When we were in Willin’s kitchen, I had watched him pour salt by the tablespoon into his own broth, dutifully writing down “about two tablespoons of salt” in my notebook. In my own home, however, as the dinner hour approached, I began to get more panicked, especially when my mother started bounding in every ten minutes or so, asking, “How’s everything going?” As the minutes ticked by, the soup wasn’t taking on enough flavor, I thought. I didn’t have extra ribs or extra peppercorns. So instead, I grabbed my mother’s box of salt and shook it like a madwoman into the broth, tasting as I went along.

When my ah-ma and my kuku and his family arrived, we were ready. Before dinner began, there was the traditional “
lo
hei,
” in which the family gathers in a circle around a large platter of raw fish salad, each person holding a pair of chopsticks in hand, picking up bits of the salad and tossing it high up in the air. The salad, called
yu sheng,
is made up of ingredients that have lucky-sounding names or symbolic meanings—the word for fish, for example, sounds like abundance or prosperity; sesame seeds indicate a year of flourishing business. Kuku had ordered our
yu sheng
from the Four Seasons Hotel—not being traditionalists, we had always gathered to toss the salad without knowing what we were doing exactly, besides tossing the ingredients as high as we could to ensure that our abundance, flourishing business, and good health would reach soaring pinnacles in the coming year.

This year, however, Daphne had printed out instructions off the Internet, guiding us along as each dish was added. As the slivers of salmon sashimi went onto the platter, she announced “
Nian nian you yu
!” prompting us to follow along in chanting the Mandarin words implying “This year, you’ll have abundance.” As chopped peanuts were scattered about the platter, she called out “
Jin yin man wu,
” wishing all of us precious gold and eternal youth in abundance. After julienned daikon, carrots, oil, pomelo, and several other ingredients were added, the plum sauce went in. Most of us knew what accompanied this. “
Tian tian mi mi
!” we called out, wishing a sweet year ahead to everyone at the table.
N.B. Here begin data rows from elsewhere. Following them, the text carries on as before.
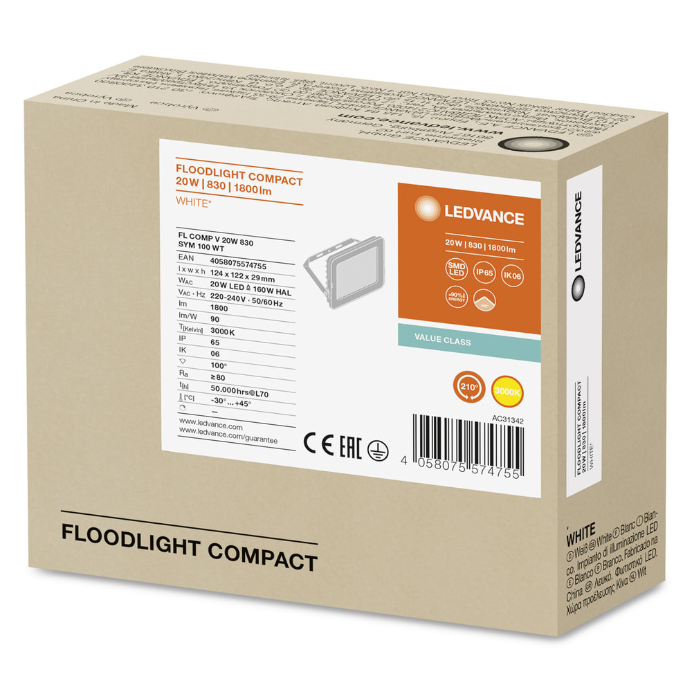 LEDVANCE - Faretto LEDV, 20W, 830, 100W, Luce Bianca FLCOMP20830W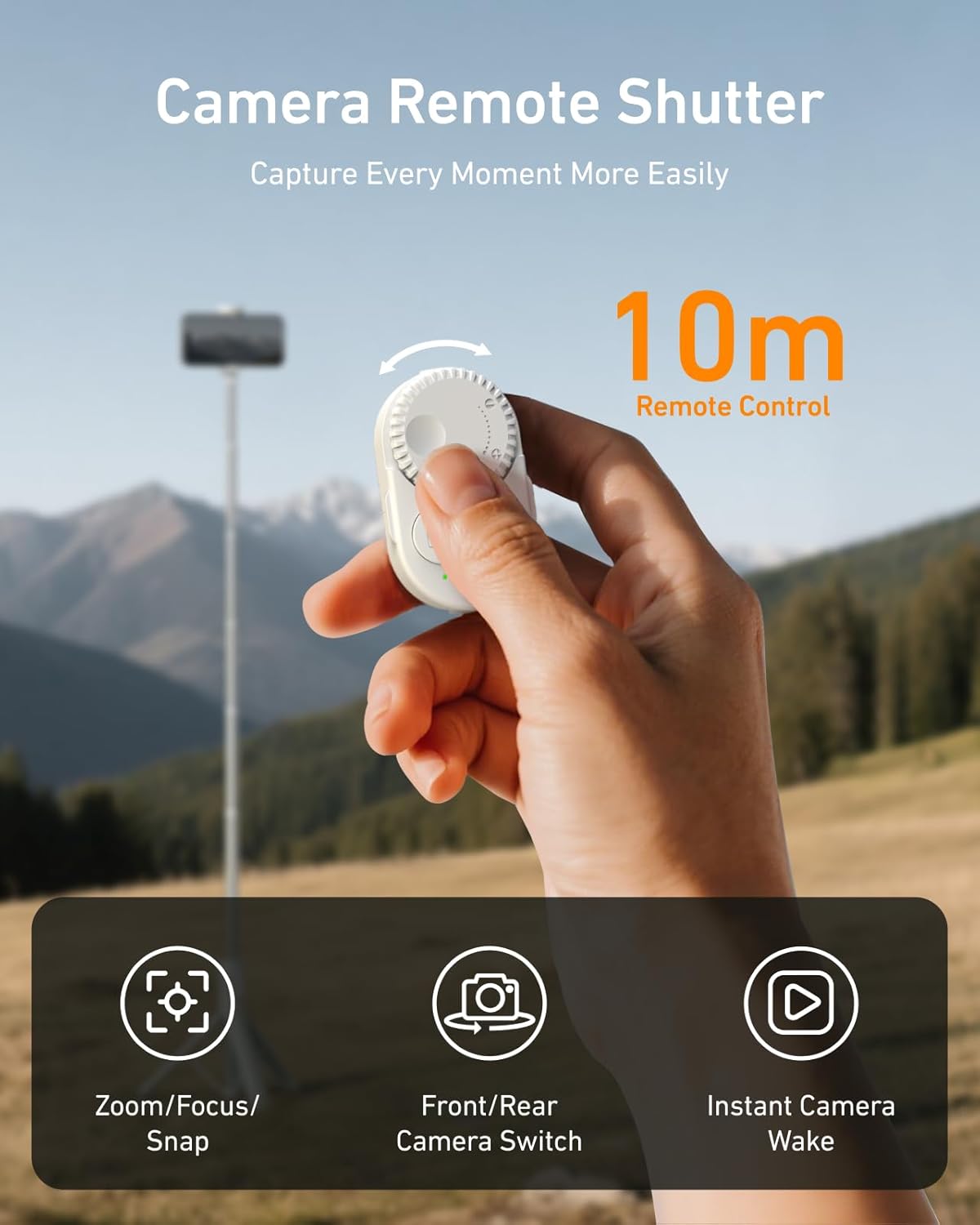 - Selfie Stick Tripod with Remote: Compared to other single function remote controls, our selfie stick wireless remote control not only has a shutter function, but also zoom, focus, switch front /rear cameras, scroll through short videos, like content, and flip pages etc. Whether you're shooting photos, recording videos, browsing TikTok, or reading eBooks, it handles it all with ease. The phone holder remote securely snaps into the body of the selfie stick, so it won’t get lost and is safe to carry around.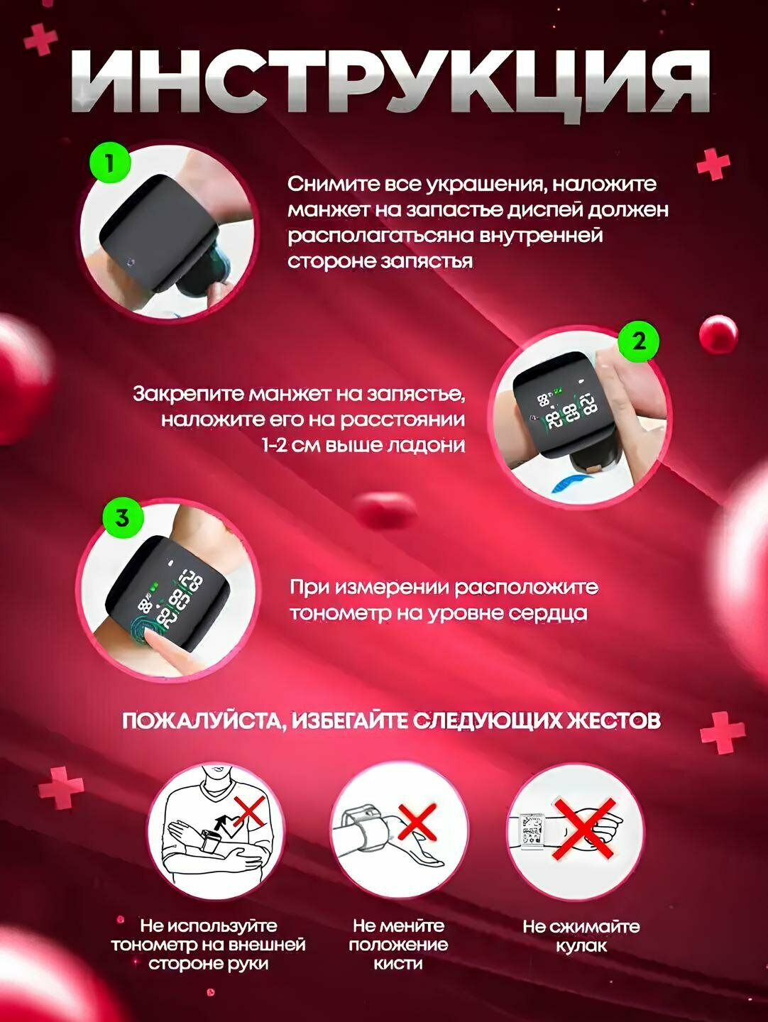 Говорящий автоматический тонометр на запястье для измерения давления информация:
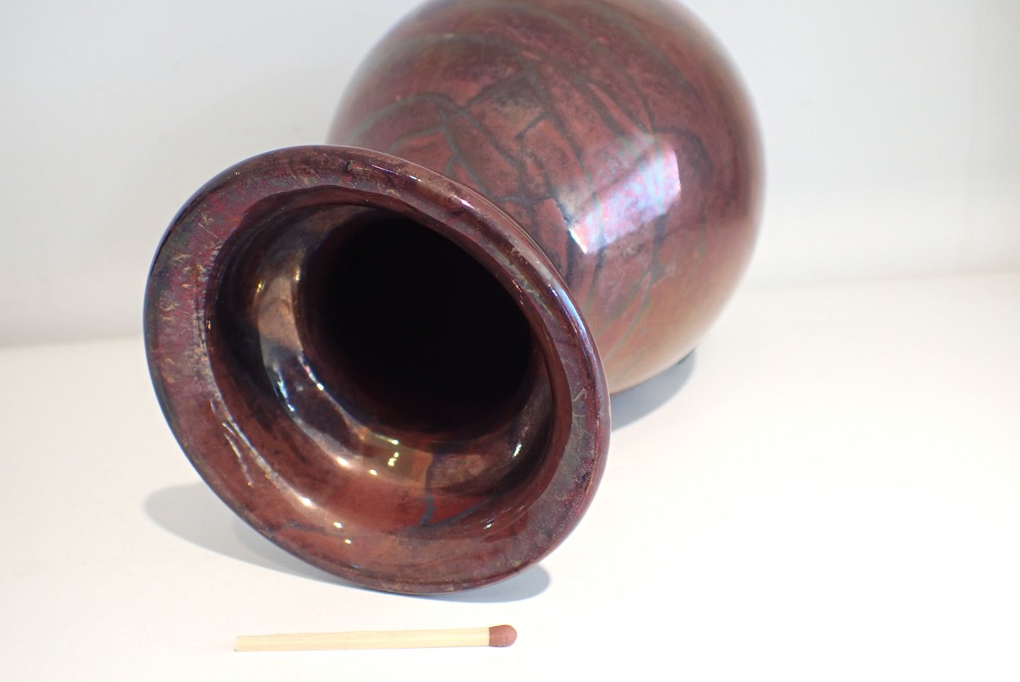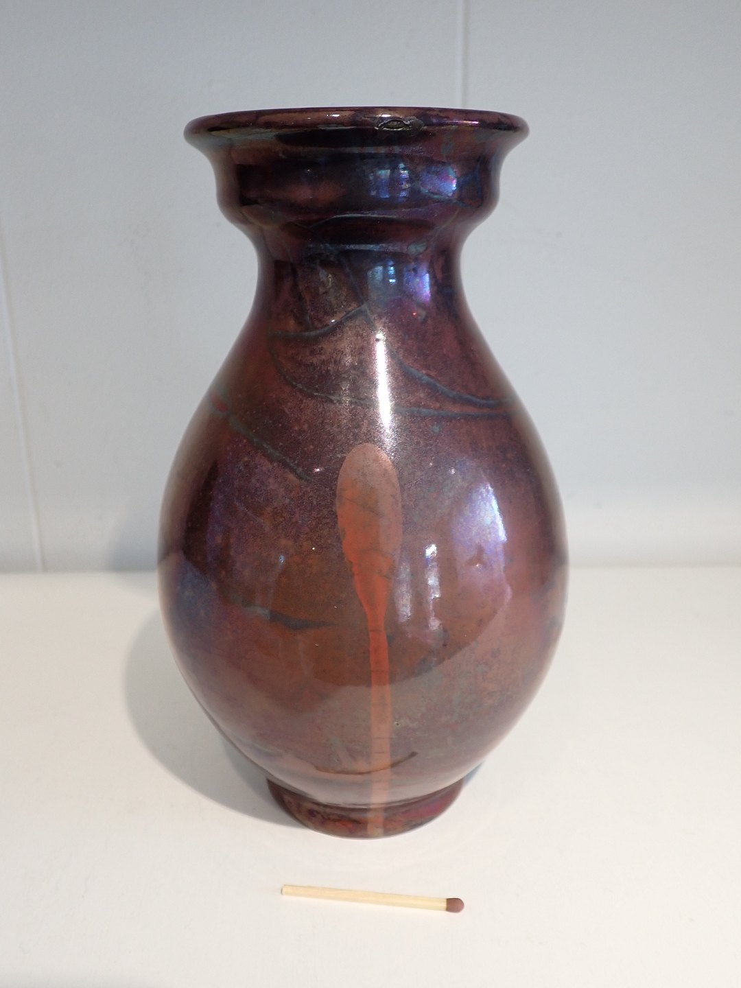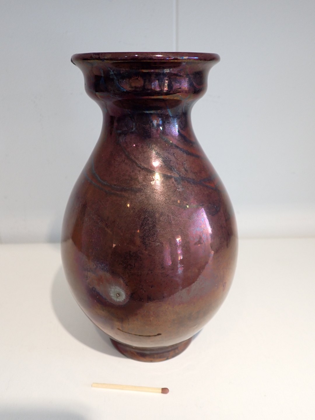 Kähler vase i baluster form med bordeaux luster glasur - sandsynligvis Karl Hansen Reistrup (1863 -1929) ca. 1900. Stemplet HAK. Højde: 19,5 cm. - bredeste diameter: 12 cm. Fin stand - en oprindelig fejl i glasuren.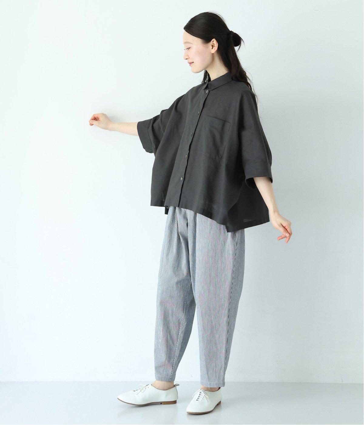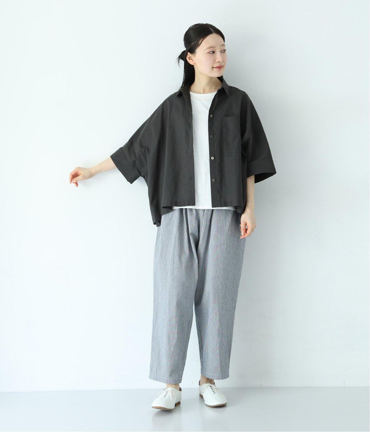 コットンリネンのナチュラルな風合いを感じる生地を使用しています。空気の通りのよい軽い素材で、清涼感たっぷり。肌離れのよいドライな質感が、着用するほどにやわらかくなじんでいきます。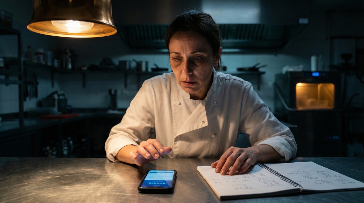 Гудела посудомоечная машина. Кухня ресторана пахла остывшим фритюрным маслом, и синий свет экрана лежал на стальной столешнице холодным пятном. Милана, повар, тридцать лет, сидела на табурете перед двумя предметами: телефон с открытым банковским приложением Романа и блокнот, исписанный суммами.

With loud cries, we dug our chopsticks in, tossing bits of fish and vegetables as high as we could into the air, hoping fervently for a good year ahead. Once the reunion dinner dishes started coming out, my family ate ravenously, pausing to marvel that I’d actually made these dishes.

“Wah, quite good ah!” Auntie Donna said, smiling. I was starting to feel good about everything—until they dipped into the soup. All around the table, eyes were squinting. If they hadn’t been so intent on not hurting my feelings, I’m sure they would have spit out the soup. It was far, far too salty. Daphne helpfully tried to move my grandmother’s bowl of soup away from her so she wouldn’t sample it. But it was too late.
“Jin giam ah!”
she shouted, wincing and sticking out her tongue as she frantically looked around for some water to wash away the intense taste of salt.

I decided to take it off the menu for my father’s family dinner. (I also decided not to tell Willin, chirpily texting him “Dinner went great! Thanks for the BKT recipe!” the moment it ended.)

Before the big dinner for my father’s family, however, there was one more family event: the traditional lunch on the second day of the new year at my auntie Khar Imm’s home. I was growing increasingly stressed over how my dinner would fare, my father’s family being rather fussy about food in general, not to mention the food that I was trying to make using my sainted grandmother’s recipes. Sitting at Auntie Khar Imm’s dining table, I started to feel a gnawing pain in my abdomen. She had made Teochew braised duck, together with lovely chocolate brown eggs and tofu steeped in the salty gravy—it was perfectly done and amazing over rice. We could not stop eating it.

Surveying the lunch table, my dad made a pronouncement. “Tomorrow, you all better eat before you come. Stop at McDonald’s or something,” he said. “Your dinner is not going to be as good as this, for sure!”